Langgam.id - Anggota Komisi VI DPR RI Andre Rosiade meminta Kementerian BUMN dan Kementerian Komunikasi dan Informatika (Kemenkominfo) segera menerbitkan regulasi layanan Over The Top (OTT). Layanan OTT yang dimaksud ialah layanan streaming di internet.
Anggota Dewan Pembina Partai Gerindra ini mengatakan saat ini masyarakat Indonesia semakin bergantung terhadap layanan OTT asing. Terlebih selama ini masyarakat sering mengeluh mengenai kelambatan akses internet yang ternyata didominasi layanan OTT asing.

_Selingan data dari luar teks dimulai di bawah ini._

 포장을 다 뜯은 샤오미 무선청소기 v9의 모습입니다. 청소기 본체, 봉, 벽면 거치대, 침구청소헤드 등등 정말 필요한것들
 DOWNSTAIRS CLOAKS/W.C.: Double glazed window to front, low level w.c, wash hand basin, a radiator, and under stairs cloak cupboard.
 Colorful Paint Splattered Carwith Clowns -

"Saya sudah beruang-ulang kembali bicara over the top karena kita tahu pemerintah ingin internet kita ini cepat. Telkom ditugaskan membangun infrastruktur besar-besaran supaya internet kita cepat, tapi yang menikmati Netflix dan Meta tanpa berkontribusi kepada negara dan tidak ada kerja sama", kata Anggota DPR RI asal Sumbar ini.

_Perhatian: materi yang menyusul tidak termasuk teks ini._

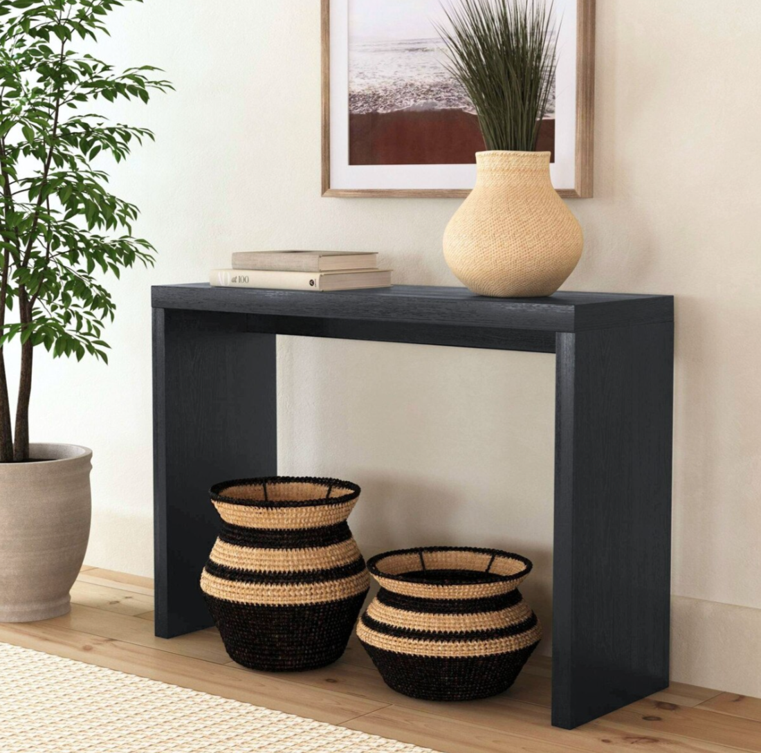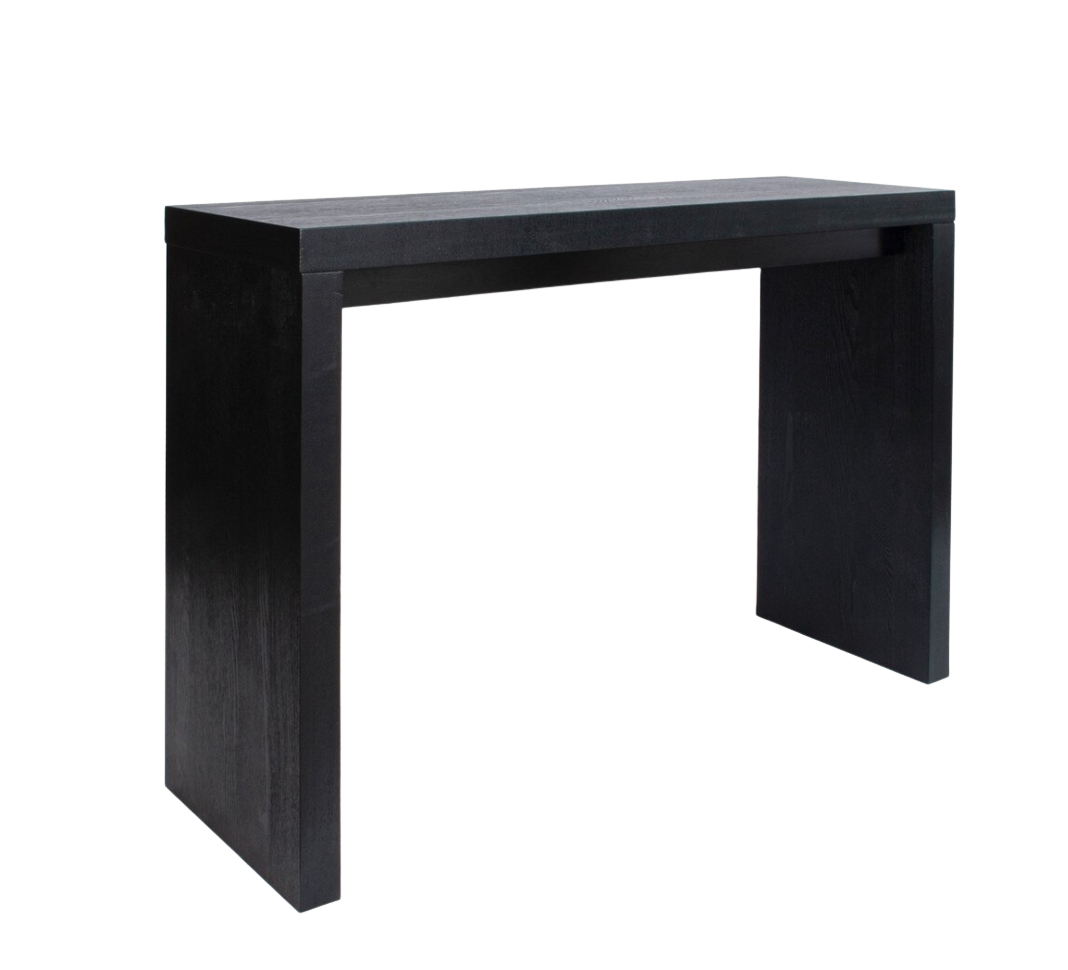 A minimalist modern console table with waterfall edge makes a one-of-a-kind contemporary statement piece for your living space. The sleek rectangular table is hand finished in timeless black or light natural wood stain. The angular, clean lines of the console's silhouette has tapered detailing making a feature of the fine craftsmanship and organic wood tones. The versatile style of this console is at home in modern, industrial and transitional living rooms, dining rooms or entryways.

Hal itu disampaikan Andre Rosiade dalam Rapat Kerja Komisi VI DPR RI bersama Menteri BUMN di Gedung DPR RI, Senayan, Jakarta, Senin (5/6/2023). Ketua DPD Partai Gerindra Sumbar itu menuturkan, berdasarkan data yang ia peroleh bahwa dominasi layanan OTT seperti Netflix memberatkan kualitas internet di Indonesia.
Kondisi internet lemot itu seringkali dikeluhkan masyarakat. Dia melihat kemudian publik menyampaikan keluhan kepada operator yakni Telkom padahal OTT yang membebani bandwith operator hanya menumpang secara gratis.

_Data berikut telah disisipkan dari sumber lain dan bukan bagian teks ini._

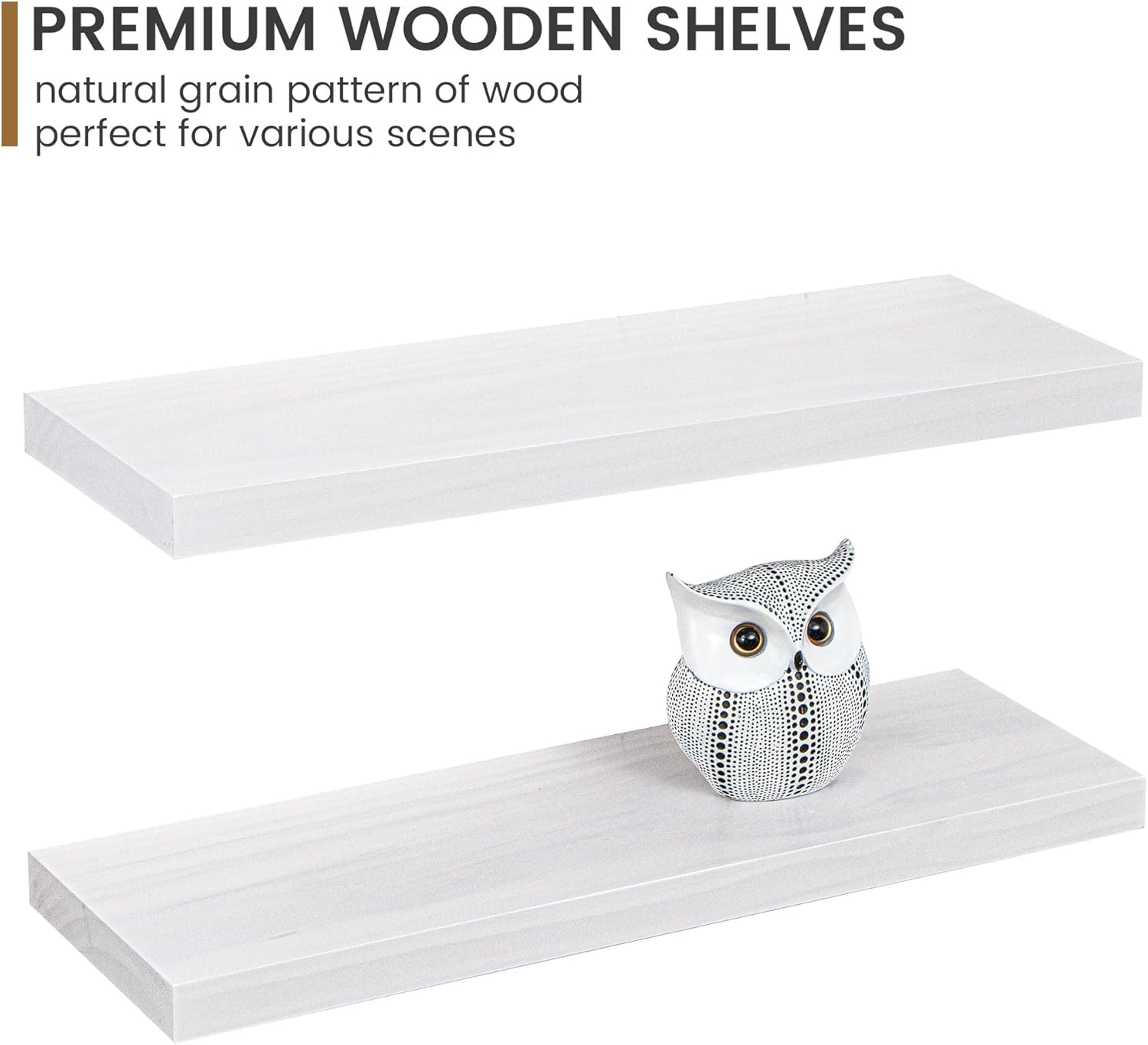 - Multi-scene & Functional - Our wall-mounted shelves are not only aesthetically pleasing but also highly functional, making them an ideal choice for various settings in your home. Use them to showcase your collection, display books, or highlight prized possessions. These shelves are perfect for exhibiting photo frames, small plants, models, or audio equipment in your living room, office, or study.
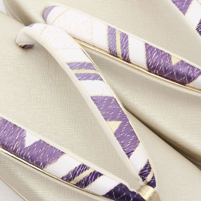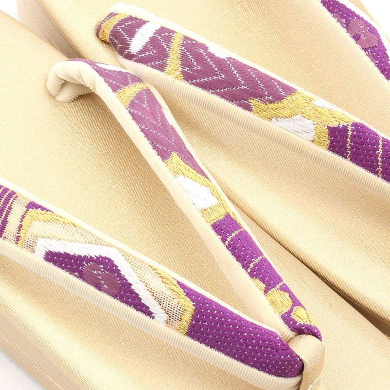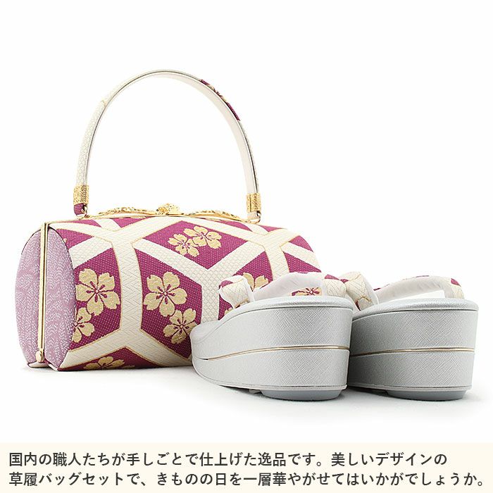 成人式や結婚式の華やかな振袖に合わせたい草履バッグセット。 草履バッグセット 振袖用 Lサイズ フリー 紫 クリーム 亀甲 桜 正絹 2枚芯 優花緒 華三彩 日本製
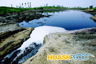 造紙廢水未經處理偷排入沙漠中形成“黑湖”

"Karena itu, mumpung Pak Mahfud Md ini menjadi Plt Menkominfo maka ini perlu dimanfaatkan supaya peraturan menteri soal kontribusi over the top dan kerja sama dengan operator ini bisa terwujud, karena kalau dibiarkan ini merugikan kita sebagai bangsa Indonesia," imbuhnya.
Menurut Andre Rosiade, traffic Netflix dan layanan OTT lainnya memakan banyak bandwith internet sehingga mengganggu internet publik di tanah air. Padahal, layanan internet bisa diprioritaskan untuk kepentingan pendidikan, seminar daring, layanan kesehatan, perkantoran dan juga pemerintahan.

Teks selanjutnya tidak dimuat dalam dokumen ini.